What is expected.
Would you write out the lines below exactly, from the one containing "李躍飛、潘雪紅、黃羽萍、龐治" to the very last, but without the pictures?

Data shown.
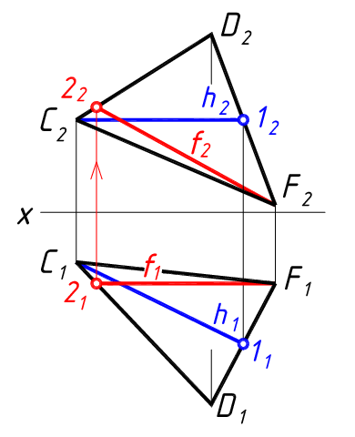 - Построение фронтали начнем с П1, т.к.  f1 расположена параллельно оси x. Второй точкой, определяющей принадлежность фронтали заданной плоскости, будет точка 2, лежащая на прямой CD
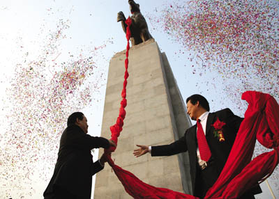 李躍飛、潘雪紅、黃羽萍、龐治等靈山縣四家班子領導,中國著名雕塑大師曹崇恩,湘桂集團董事局主席勞建銘、副主席陳輝、黃建軍,董事蒙子函、陳質堂、潘曙光等出席落成儀式。揭幕儀式由縣長潘雪紅主持。集團董事局副主席陳輝在儀式上致詞,希望“駿馬”能成為靈山縣城標志性象征,能夠為靈山人民帶來幸福美好的福祉,能夠為外來的投資者帶來事業興旺和滾滾財源,能夠使靈山在構建社會主義和諧社會的偉大事業中,象一匹奔騰的駿馬,縱橫馳騁,策馬奔騰!
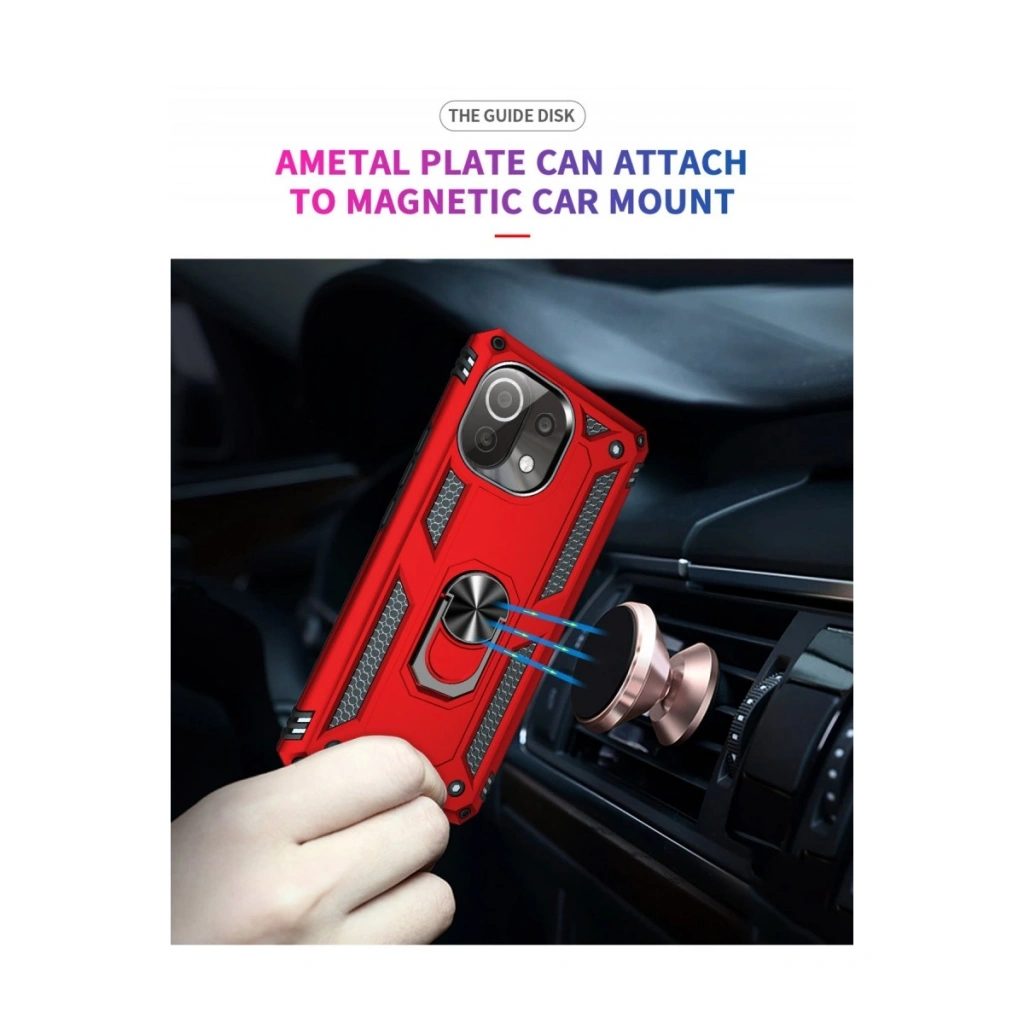 • Xiaomi Mi 11 Lite Kılıf Sofya Yüzüklü Silikon Kapak - Kırmızı

Exercise solution.
 李躍飛、潘雪紅、黃羽萍、龐治等靈山縣四家班子領導,中國著名雕塑大師曹崇恩,湘桂集團董事局主席勞建銘、副主席陳輝、黃建軍,董事蒙子函、陳質堂、潘曙光等出席落成儀式。揭幕儀式由縣長潘雪紅主持。集團董事局副主席陳輝在儀式上致詞,希望“駿馬”能成為靈山縣城標志性象征,能夠為靈山人民帶來幸福美好的福祉,能夠為外來的投資者帶來事業興旺和滾滾財源,能夠使靈山在構建社會主義和諧社會的偉大事業中,象一匹奔騰的駿馬,縱橫馳騁,策馬奔騰!
 • Xiaomi Mi 11 Lite Kılıf Sofya Yüzüklü Silikon Kapak - Kırmızı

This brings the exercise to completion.